**Problem requirements:**
Copy exactly the lines of the data below that run from the line holding "2番 松本剛 二ゴロ ランナー2,3塁" through the line holding "Philippines, 1949, Lot", both ends included.

**Source data:**
========================

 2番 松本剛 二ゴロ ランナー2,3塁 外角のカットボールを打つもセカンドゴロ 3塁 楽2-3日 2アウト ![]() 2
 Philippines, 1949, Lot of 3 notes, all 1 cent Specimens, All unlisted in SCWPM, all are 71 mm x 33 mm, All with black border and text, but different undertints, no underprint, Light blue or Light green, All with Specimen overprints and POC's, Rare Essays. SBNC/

========================

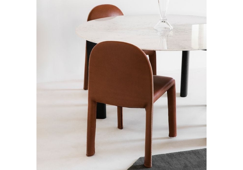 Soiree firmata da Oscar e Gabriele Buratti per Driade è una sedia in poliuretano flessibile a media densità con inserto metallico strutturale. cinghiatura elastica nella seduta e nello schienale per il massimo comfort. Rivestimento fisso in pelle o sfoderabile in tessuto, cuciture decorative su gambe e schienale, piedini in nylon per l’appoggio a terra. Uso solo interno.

========================

**Written solution:**
 2番 松本剛 二ゴロ ランナー2,3塁 外角のカットボールを打つもセカンドゴロ 3塁 楽2-3日 2アウト ![]() 2
 Philippines, 1949, Lot of 3 notes, all 1 cent Specimens, All unlisted in SCWPM, all are 71 mm x 33 mm, All with black border and text, but different undertints, no underprint, Light blue or Light green, All with Specimen overprints and POC's, Rare Essays. SBNC/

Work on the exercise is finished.